Bak préféra ne pas songer aux conséquences d’un échec.
— À quoi ressemble ce Ouensou ?
— Comme marin, il n’a pas son égal. Il a grandi dans le désert, mais il se sent plus à l’aise sur l’eau que sur la terre ferme. Je sais, ajouta Neboua avec un sourire en remarquant l’air harassé de Bak, tout cela ne t’apprend rien.
Il frotta son menton piquant, bleui par la barbe de la veille, et tenta d’affiner sa description :
— Imagine une version plus petite et plus brune du capitaine Roï. Il a pour seuls amis ses hommes d’équipage et ne se fie à personne.
— Je présume que l’homme sans tête se cache parmi mes suspects, et que Ouensou est son instrument. Pourtant, par deux fois tu as fait allusion à son intelligence.
— « Ruse » serait un terme plus approprié. Sa pensée n’est ni complexe ni subtile.
— Pourrait-il avoir tué Mahou et Intef ? Les Kouchites ont la réputation de manier l’arc avec une grande dextérité.
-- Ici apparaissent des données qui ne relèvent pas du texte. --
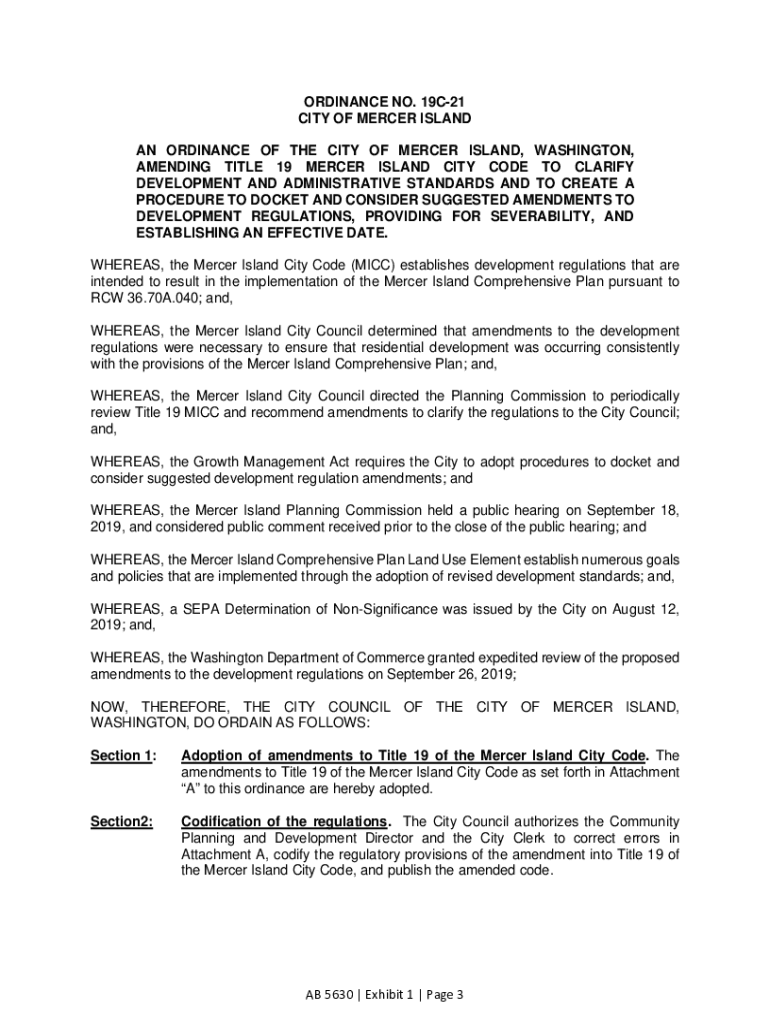 ORDINANCE NO. 19C21 CITY OF MERCER ISLAND AN ORDINANCE OF THE CITY OF MERCER ISLAND, WASHINGTON, AMENDING TITLE 19 MERCER ISLAND CITY CODE TO CLARIFY DEVELOPMENT AND ADMINISTRATIVE STANDARDS AND TO

— Pas plus que les hommes de Kemet ! protesta Neboua, qui sourit aussitôt de sa propre véhémence. Et Ouensou encore moins. Son bras gauche est faible et atrophié, sa main tordue et déformée n’est que l’ombre pathétique de sa droite, à la suite d’un accident survenu dans son enfance.
— Ce bras devrait le rendre aisément identifiable, dit Imsiba en esquivant un porteur d’eau, deux grosses jarres suspendues à un joug en travers de ses épaules. Et, si j’en crois les pêcheurs, son navire est tout aussi facile à repérer.
Bak s’écarta pour céder le passage à un homme qui serrait un agneau bêlant dans ses bras.
— Ils sont bien sûrs que Ouensou n’est pas parti vers le sud ?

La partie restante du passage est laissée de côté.